■ **EXCERPTED DATA**:
=== Begin Enclosure ===

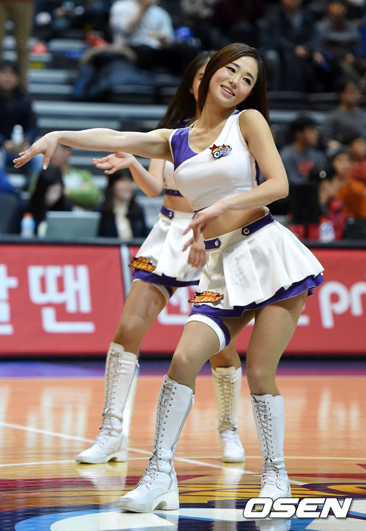 경기에 앞서 오리온스 치어리더가 화려한 공연을 펼치고 있다.
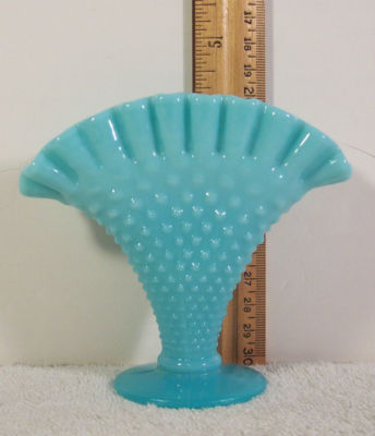 Title (ebay affiliate link): Vintage Blue Milk Glass Hobnail & Crimped Edge Fan Vase 4.25" tall
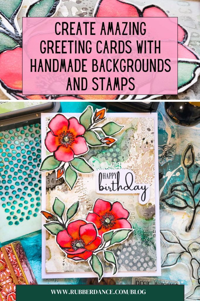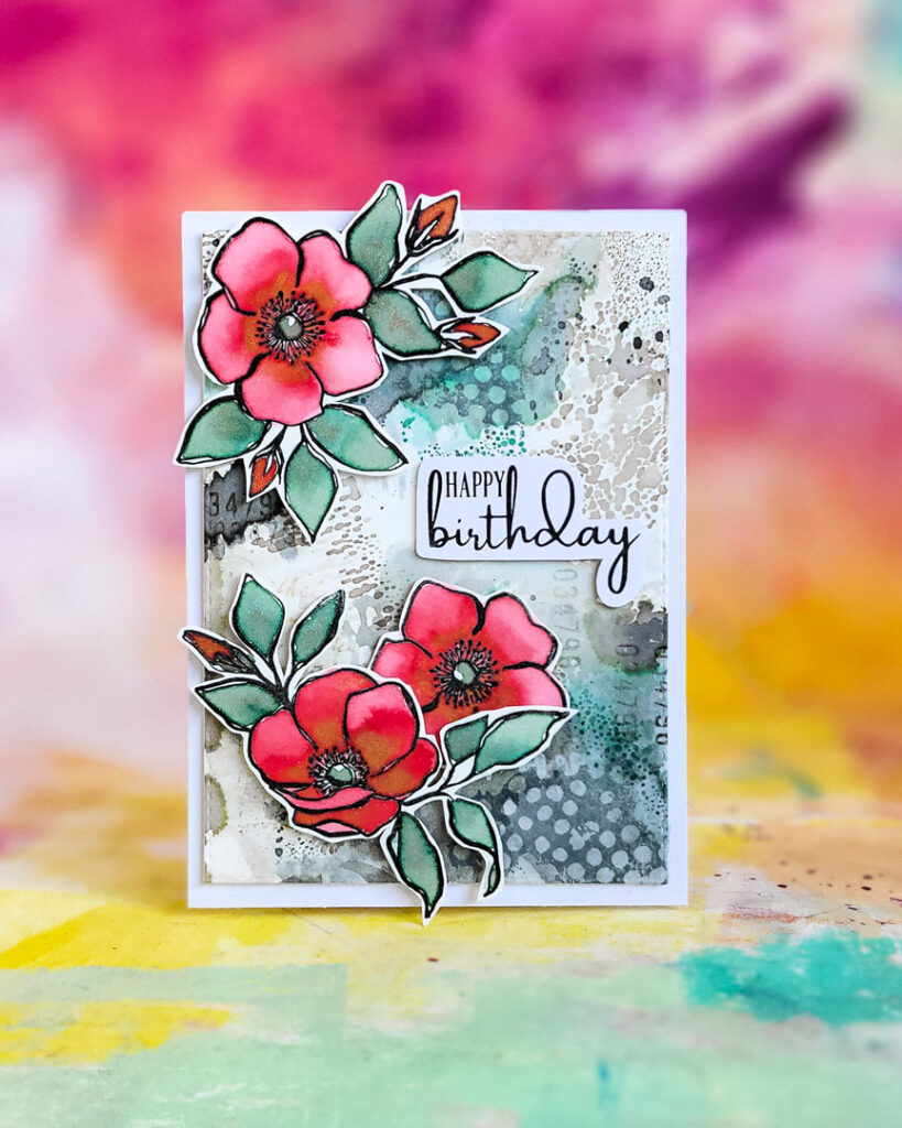 Hi there, Susanne here sharing a greeting card with the Distress Ink backgrounds I shared on Wednesday, stamps from our Inky Flowers set and a greeting from Kartengrüße.
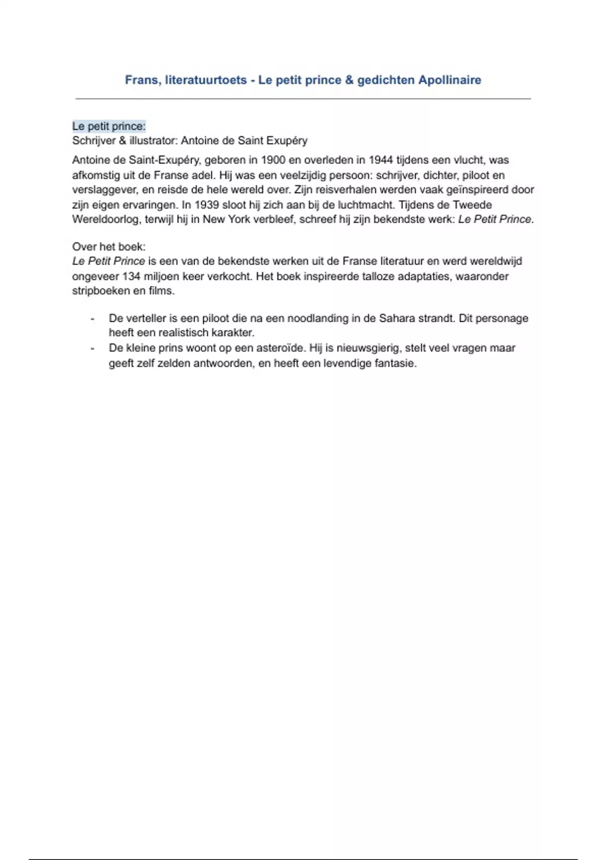 Frans, literatuurtoets - Le petit prince & gedichten Apollinaire
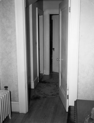 Image shows a interior shot of the hallway at D. H. Snyder home where Mrs. Snyder struggled with the assailant when he took her pistol and beat her. The house is a two-story brick building, with a Spanish clay tile roof. Published in the Fort Worth Star-Telegram evening edition January 29, 1940.
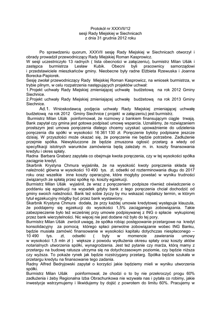 Protokół nr XXXVII/12 sesji Rady Miejskiej w Siechnicach z dnia 31 grudnia 2012 roku Po sprawdzeniu quorum, XXXVII sesję Rady Miejskiej w Siechnicach otworzył i obrady prowadził przewodniczący Rady Miejskiej Roman Kasprowicz. W sesji uczestniczyło 13 radnych ( lista obecności w załączeniu), burmistrz Milan Ušák i zastępca burmistrza Lesław Kubik. Obecni byli pracownicy samorządowi i przedstawiciele mieszkańców gminy. Nieobecne były radne ElŜbieta Rzewuska i Joanna Borecka-Papiorek. Sesję zwołał przewodniczący Rady Miejskiej Roman Kasprowicz, na wniosek burmistrza, w trybie pilnym, w celu rozpatrzenia następujących projektów uchwał: 1.Projekt uchwały Rady Miejskiej zmieniającej uchwałę budŜetową na rok 2012 Gminy Siechnice. 2.Projekt uchwały Rady Miejskiej zmieniającej uchwałę budŜetową na rok 2013 Gminy Siechnice. Ad.1. Wnioskodawcą podjęcia uchwały Rady Miejskiej zmieniającej uchwałę budŜetową na rok 2012 Gminy Siechnice ( projekt w załączeniu) jest burmistrz. Burmistrz Milan Ušák poinformował, Ŝe rozmowy z bankiem finansującym ciągle trwają. Bank zapytał czy gmina jest gotowa podpisać umowę wsparcia. Uznaliśmy, Ŝe rozwiązaniem prostszym jest umowa poręczenia dlatego chcemy uzyskać upowaŜnienie do udzielenia poręczenia dla spółki w wysokości 16 361 130 zł. Poręczenie byłoby podpisane jeszcze dzisiaj. W przyszłości moŜe okazać się, Ŝe poręczenie nie będzie potrzebne. ZadłuŜenie przejmie spółka. Niewykluczone Ŝe będzie zmuszona ogłosić przetarg a wtedy od specyfikacji istotnych warunków zamówienia będą zaleŜały m. in. koszty finansowania kredytu i okres spłaty. Radna Barbara Grabarz zapytała co obejmuje kwota poręczenia, czy w tej wysokości spółka zaciągnie kredyt. Skarbnik Krystyna Chmura wyjaśniła, Ŝe na wysokość kwoty poręczenia składa się naleŜność główna w wysokości 10 490 tys. zł, odsetki od rozterminowania długu do 2017 roku oraz wszelkie inne koszty operacyjne, które mogłyby powstać w wyniku trudności związanych ze spłatą przez spółkę np. koszty egzekucji. Burmistrz Milan Ušák wyjaśnił, Ŝe wraz z poręczeniem podpisze równieŜ oświadczenie o poddaniu się egzekucji na wypadek gdyby bank z tego poręczenia chciał dochodzić od gminy swoich naleŜności. Bank teŜ sobie Ŝyczy by mu wskazać najdalszy termin, w którym tytuł egzekucyjny mógłby być przez bank wystawiony. Skarbnik Krystyna Chmura dodała, Ŝe przy kaŜdej umowie kredytowej występuje klauzula, Ŝe poddajemy się egzekucji do wysokości 1,5% zaciąganego zobowiązania. Takie zabezpieczenie było teŜ wcześniej przy umowie podpisywanej z ING o spłacie wykupionej przez bank wierzytelności. Nic więcej nie jest dodane niŜ było do tej pory. Burmistrz Milan Ušák zwrócił uwagę, Ŝe spółka robiąc postępowanie przetargowe na kredyt konsolidacyjny za pomocą którego spłaci pierwotne zobowiązanie wobec ING Banku, będzie musiała zamówić finansowanie w wysokości kapitału dotychczas niespłaconego – 10 490 tys. zł, odsetki ( były w momencie zawierania umowy w wysokości 1,5 mln zł ) większe z powodu wydłuŜenia okresu spłaty oraz koszty aktów notarialnych utworzenia spółki, wynagrodzenia. Jest teŜ pytanie czy marŜa, którą mamy z przetargu na budowę ratusza utrzyma się na dotychczasowym poziomie, czy będzie niŜsza czy wyŜsza. To pokaŜe rynek jak będzie rozstrzygany przetarg. Spółka będzie szukała w przetargu kredytu na finansowanie tego zadania. Radny Alfred Bedryjowski zapytał o korzyści jakie będziemy mieli w wyniku utworzenia spółki. Burmistrz Milan Ušák poinformował, Ŝe chodzi o to by nie przekroczyć progu 60% zadłuŜenia i Ŝeby Regionalna Izba Obrachunkowa nie wzywała nas i pytała co robimy, jakie inwestycje wstrzymujemy i likwidujemy by dojść z powrotem do limitu 60%. Pracujemy w pośpiechu i dopiero czas pokaŜe czy ustrzegliśmy się błędów, które łatwo popełnić w tych warunkach. Robimy kolejne podejścia po to by zrobić to jak najbezpieczniej i zgodnie z prawem. Warto to robić bo spółka nie tylko zajmie się zarządzaniem obiektem ale teŜ zdejmie z nas zadłuŜenie, bezpiecznie będzie mogła je spłacać i poprawi nam limity. Będziemy mogli kontynuować to co sobie zaplanowaliśmy nie przekraczając obowiązującego limitu zadłuŜenia. Radny Alfred Bedryjowski zwrócił uwagę, Ŝe Rada głosując daje moŜliwość realizacji tego, co burmistrz wymyśli, zapytał jak rada będzie wyglądała gdy coś nie wyjdzie z uchwałami. Wskazał na odpowiedzialność rady. Radni nie mieli szkoleń i nie wiedzą jaką mają odpowiedzialność z tytułu głosowania. Często głosują bezmyślnie dąŜąc do inwestycji, które niekoniecznie są potrzebne i będą robione tam gdzie radny mieszka. Radny Alfred Bedryjowski zaproponował zorganizowanie szkolenia dla radnych. Jego zdaniem wskazane jest szkolenie 2-dniowe. Przewodniczący Rady Miejskiej Roman Kasprowicz przypomniał szkolenie dla radnych, które odbyło się na początku kadencji. Skarbnik Krystyna Chmura poinformowała, Ŝe chętnie zaangaŜuje się i udzieli wsparcia w przygotowaniu szkolenia bo szykowana znacząca nowelizacja ustawy o finansach publicznych oraz wskazała, Ŝe przyczyna dokonywanych w ostatnim czasie zmian uchwał wynika wyłącznie ze zmiany zapisu, który kazał nam doliczyć finansowanie inwestycji do zadłuŜenia. Zapis o wydatkach związanych ze spłatą finansowania ratusza mieliśmy w budŜecie. W tym przypadku prawo zmieniło się wstecz. Celem wykonywanych ruchów jest zdjęcie tej kwoty z zadłuŜenia po to by moŜna było sprawnie działać. Burmistrz Milan Ušák poparł pomysł dwudniowego szkolenia radnych. Radna Halina Cygan zapytała jaki procent zadłuŜenia zostanie dla gminy. Skarbnik Krystyna Chmura oszacowała na 49% lub 53% ale ustalenie będzie moŜliwe po zsumowaniu wszystkich wpływów do budŜetu .Będzie to dopiero w
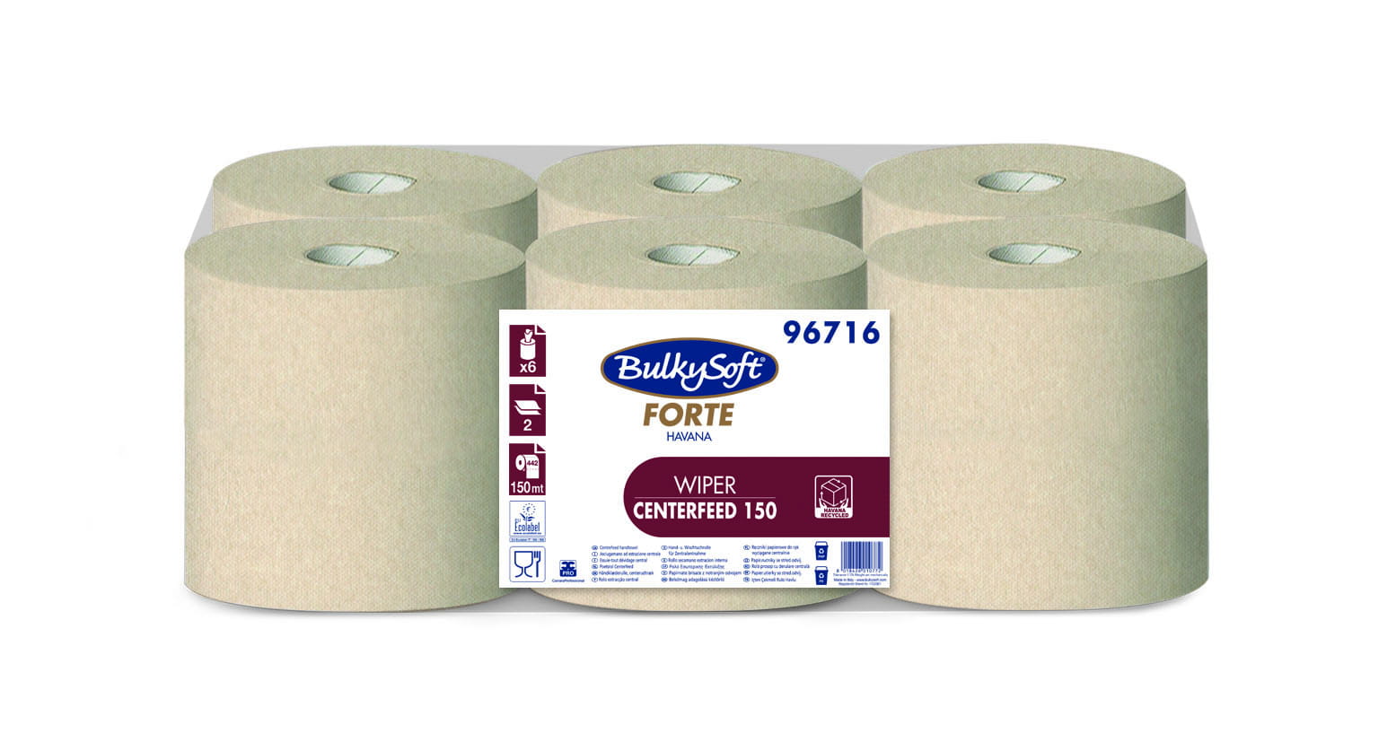 Ekologiczne ręczniki papierowe w roli centralnego dozowania Bulkysoft HAVANA FORTE mają długość 150 m i podzielone są na 442 odcinków równej długości. Ręcznik można dozować z podziałem na listki, których odrywanie umożliwia specjalna perforacja. Dodatkowo może być stosowany w sposób nieograniczony - użytkownik sam decyduje o długości potrzebnego fragmentu. Ręczniki papierowe w roli są w kolorze naturalnym, z delikatnym gofrowaniem. Naturalny, ciepły i miły dla oka kolor papieru od razu sugeruje gościom, że korzystają z produktu ekologicznego. Posiadają dwie warstwy wysokiej jakości papieru uzyskanego z recyklingu kartonów. Są wyjątkowo chłonne i wytrzymałe, a jednoczenie nie rolują się podczas używania i nie rozrywają. Miłe w dotyku, miękkie i bezpieczne zarówno dla skóry, jak i żywności, z którą mogą mieć styczność. Są wydajne i praktyczne - idealne do pomieszczeń z średnim i dużym natężeniem użytkowania.

=== End Enclosure ===

■ **WHAT YOU HAVE TO DO**: Precisely those lines above that run from the line with "Frans, literatuurtoets - Le" up to and including the line with "Image shows a" are to be set down, with the pictures omitted.

■ **ANSWER BOX**:
 Frans, literatuurtoets - Le petit prince & gedichten Apollinaire
 Image shows a interior shot of the hallway at D. H. Snyder home where Mrs. Snyder struggled with the assailant when he took her pistol and beat her. The house is a two-story brick building, with a Spanish clay tile roof. Published in the Fort Worth Star-Telegram evening edition January 29, 1940.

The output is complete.